BABY BOOMER BABBLE
Laughing our way through the 60’s and 70’s
I liked the sixties and seventies. I liked everything about it. The energy, the defiance, the music, and the comedians. It was a lively time, a time that you felt worthy of your youth. We didn’t spend a lot of time playing computer games or texting our friends all day. We went to their house and engaged them I a game of outdoor basketball or baseball, depending on the season. It was a time that was much more action-oriented than today. And it was a great time for comedians. They played into the hour and stepped into the limelight.
Television was making its presence felt. Black and white TV had turned to color, with bigger screens. In the midst of all the rebellion and chaos, along came a new group of comedians, the likes of which the world had never seen. The TV censors got a workout.
Here is just a very small sampling of some of the names: George Carlin, Richard Pryor, Lily Tomlin, Andy Kaufman, Tom and Dick Smothers, Flip Wilson, Steve Martin, Bill Cosby Carol Burnett, Lenny Bruce, Steve Martin, and Bob Newhart. There were many others. These are some that I remember and liked. You probably have your own list. Send me some of your favorites, I’ll get them in a future Babble.

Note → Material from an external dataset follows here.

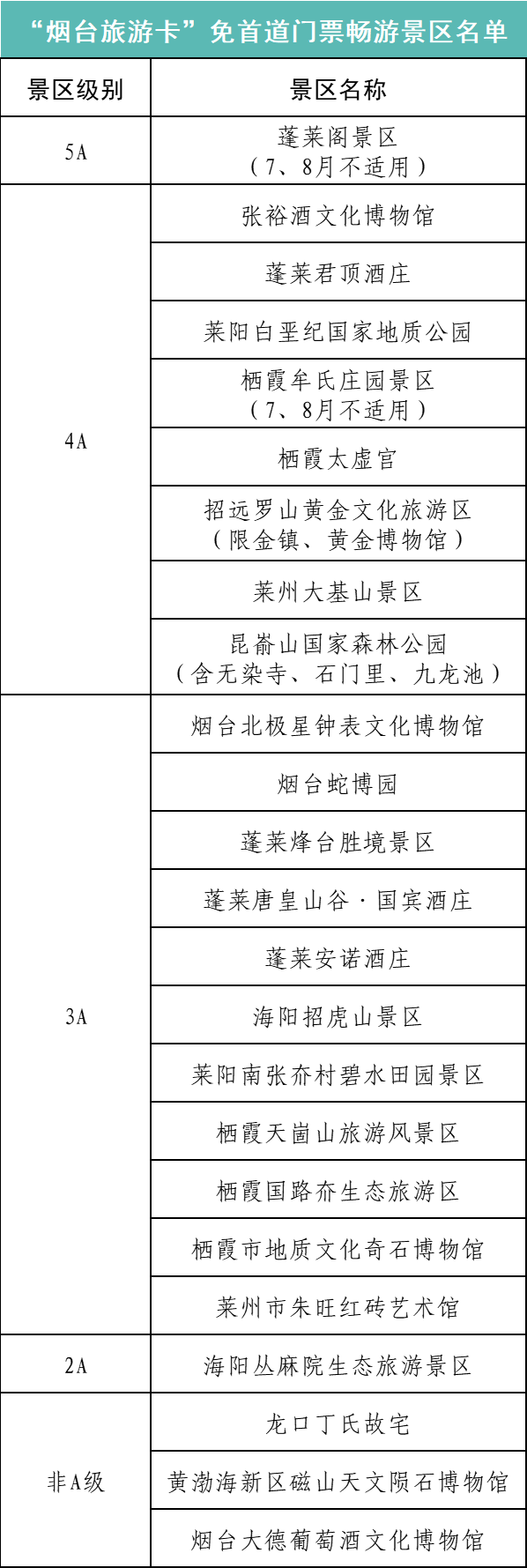 首批纳入烟台旅游卡的收费旅游景区,一共24家,类型多到挑花眼,老中青幼全都能找到心头好!

Let’s start off with Rowan and Martin. On TV, that translated into Laugh-In. It was a rapid fire vignette comedy, filled with sexual innuendo and political satire. The cast included San Rowan, Dick Martin, Gary Owens, Ruth Buzzi, Henry Gibson, Arte Johnson, Judy Carne, Flip Wilson, Goldie Hawn, and Lily Tomlin. Hawn and Tomlin went on to have distinguished careers as actor. Some of the bands that were invited to play included The Strawberry Alarm Clock, The Bee Gees, and the infamous Tiny Tim. He tip-toed through many a tulip. Years later I saw him in Burlington, Iowa. Interesting! I’ll never forget Flip Wilsons character, Geraldine, and her famous line, “What you see is what you get.” That was true of the whole program. It was a masterpiece.
George Carlin’s popularity started to increase in the early 60’s. He appeared on The Ed Sullivan Show and The Tonight Show. Carlin became one of Johnny Carson’s most frequent guests. One of his most famous routines was “The hippie-dippy weather man.” Carlin pushed obscene issues to the limit. A Carlin classic was “Seven Words You Can Never Say On TV.” Take a shot at guessing them. I won’t print any. He was arrested for the “Seven Words Routine” at Summerfest, in Milwaukee, in July, 1972. The case was later dismissed. Carlin also became an author in later in his life, publishing “Brain Droppings,” “Napalm and Silly Putty,” and “When Will Jesus Bring The Pork Chops.” Carlin died June 22, 2008, at the age of 71. He was on of the true sixties comedians.
He coined one of the sixties key philosophical understandings, “No one knows what comes next, but everyone does it.”